Колмагоров налил себе вина и залпом выпил. Сладкий мальчик не мог так искусно и изворотливо лгать! А если… мог?

– В таком случае, ты сильно пожалеешь, что водил Лютоволка за нос, мой маленький Лис!

В дверь номера поскреблись:

– Входи, Сахарочек! – рыкнул Колмагоров, нетерпеливо и резко подбросив с постели своё крепкое тело.

Но вошёл скользкий змей Бонне.

– А-а-а, заместитель! Тебе чего? Где Лимм? – лицо русского исказила нескрываемая досада.

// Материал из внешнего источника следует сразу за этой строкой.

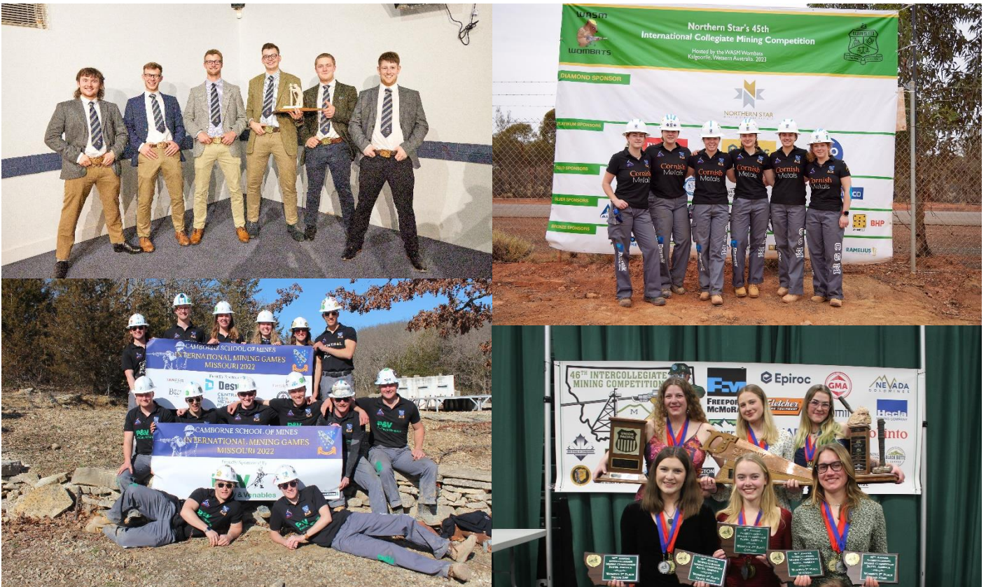
Previous CSM teams competing at Intercollegiate Mining Games

As well as the publicity and corporate social contributions you make, in return for your sponsorship, the team will be providing written reports and photographic journals from the event for your newsletters and other corporate advertisements. We will also provide you with copies of our media coverage. The exact nature of feedback and level of interaction between students and sponsors will be decided by you and can be either formal or informal. This can be discussed further before sponsorship is agreed upon.
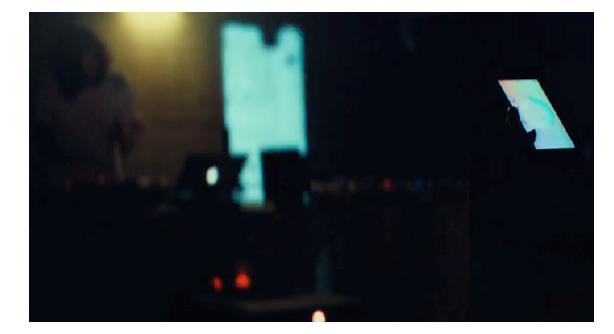
Figure 4 Scene of the Performance
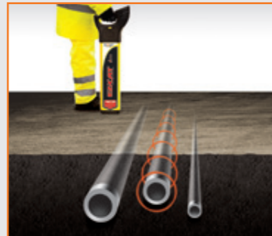
1 Conduct ground survey gathering data

See better results, more comprehensive ground surveys and a reduction in buried service strikes.
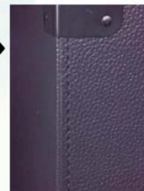
Extra Reinforcing Stitches
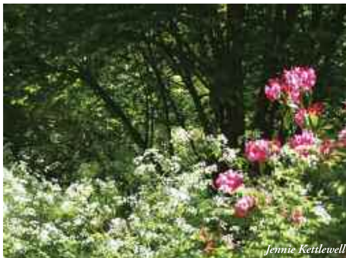
Beautiful trees and flowers to the east of Acer Walk

At its simplest, the park is a safe green space for the enjoyment and wellbeing of the local community. That is not to say we do not welcome visitors, of course we do, and they will come anyway, but primarily the residents of the densely populated borough of Kensington and Chelsea need this green space so that they can get out into the fresh air, exercise, walk the dog, let the children play, or just sit under a tree and reflect.
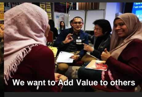
We want to Add Value to others
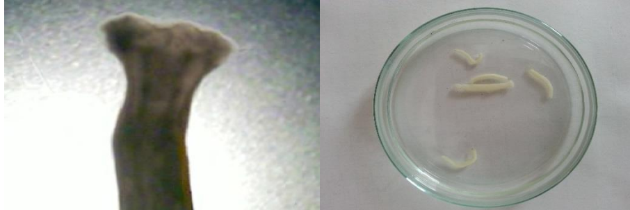
Figure 4: Microscope image of Khawia sinensis (Original).

are many and extending to the cirrus sac from back of skolex. Ovary 'H' shaped and puckered between the uterus and ovary cirrus sac (Fig. 4).
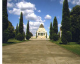
1 shrine of remembrance st kilda road melbourne front view
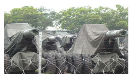
FIGURE 1 Heavy cannons on wheels covered with rough canvas fabric impregnated with a VCI.

The most commonly used vehicle is the high mobility multipurpose wheeled vehicle, also known as the Humvee, particularly in the deserts of the Middle East. The complex interaction of chemical and climatic factors, such as hot afternoons and cold nights, with dew condensation, intense
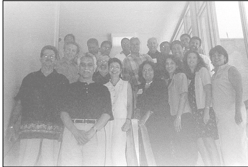
Attendees of the HBLI scholar's meeting, including scholars and HBLI fellows from UCR and ASU (see our full list of HBLI scholars on the back page).

Fewer Latinos gain access to higher education than any other ethnic group. Without at least four Advanced Placement classes and strong standardized test scores, they will not be able to get into a four-year institution. Fifty-three
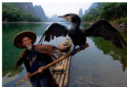
Fisherman with his cormorant. A very small number might still practice this type of fishing for self-sufficiency, but this particular scene is staged. There are photography guides in Guilin that will arrange these shots for photographers. Sometimes it will involve fake smoke/fog.
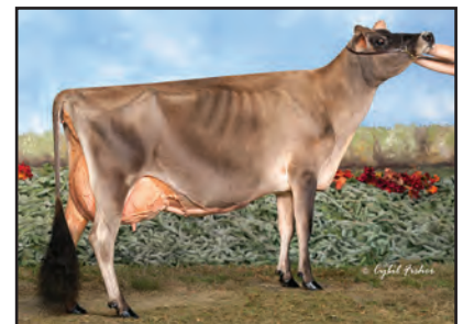
ARETHUSA VERONICAS COMET-ET Sister to the Grandam of Lot 54
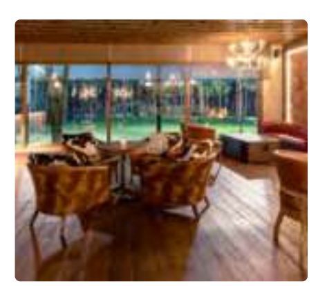
Sevk-Et Steakhouse Bar
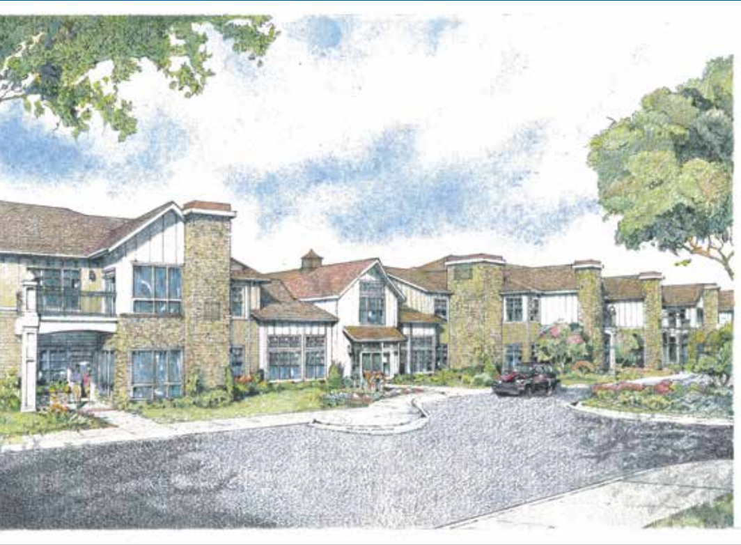
Architectural rendering of the Bradley Park Brownstone.
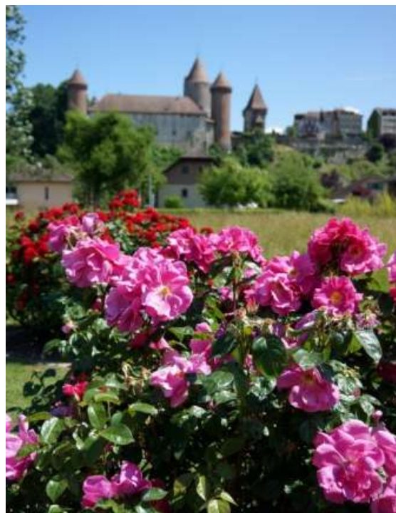
Château de Chaux à Estafvayer from Roseraie d'Estafvayer
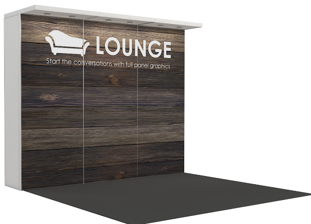
LOUNGE | 5500
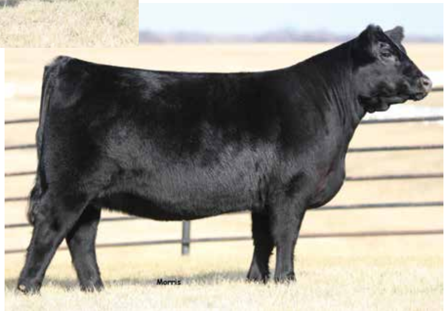
LOT 59 | AUTO CHAPERALL 406C
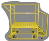
Pelletizer Man Stand
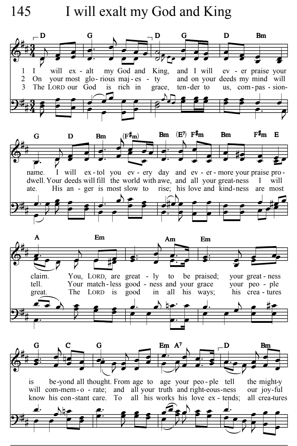
Text: Psalter Hymnal , 1987 Tune: C. Hubert H. Parry, 1916; arr. Sing to the Lord , 2012
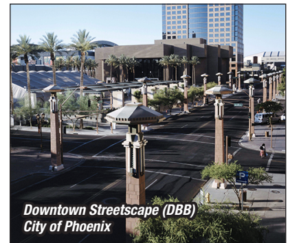
Downtown Streetscape (DBB) City of Phoenix
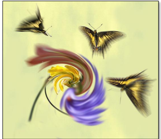
2 nd Butterfly Somersaults Over A Flower Maurice Krumrey
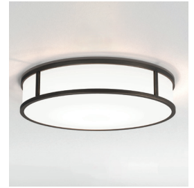
CODE: 1121092 FINISH: BRONZE

TO MAINTAIN THIS PRODUCT TO ITS BEST CONDITION, PLEASE VIEW OUR CARE AND CLEANING GUIDELINES ON THE SUPPORT SECTION OF THE ASTRO WEBSITE.

– Лимма в отеле нет! – хрипло объяснил Тьерри. – Не далее, как час назад ему позвонил отец, и Престон отпросился по семейному делу и уехал. Его, кажется, папа и забрал. Малец был крайне встревожен, выглядел испуганно. Сегодня заездов нет. Все заявки, при наличии вашей повторной, он на сегодня выполнил. Семья – это такое дело, месье Колмагоро’ф.

– Дурака вот только из меня не делай! – зарычал альфа и притянул Бонне к себе за тонкий чёрный галстук, накручивая аксессуар на пудовый кулак. – От тебя идёт его свежий и устойчивый запах, мужик. Ты что… тронул моё?

– Мы работаем с парнем бок о бок, месье! Конечно, запахи смешались! – Тьерри заводился, а это было нехорошо.

В больной голове мерзавца настойчиво запульсировал тихий вкрадчивый голос. «Бонне, ты ошибаешься! Это плохой мальчик, а ты достоин самого лучшего, самого чистого! Продажных шлюх ведь всегда наказывают!»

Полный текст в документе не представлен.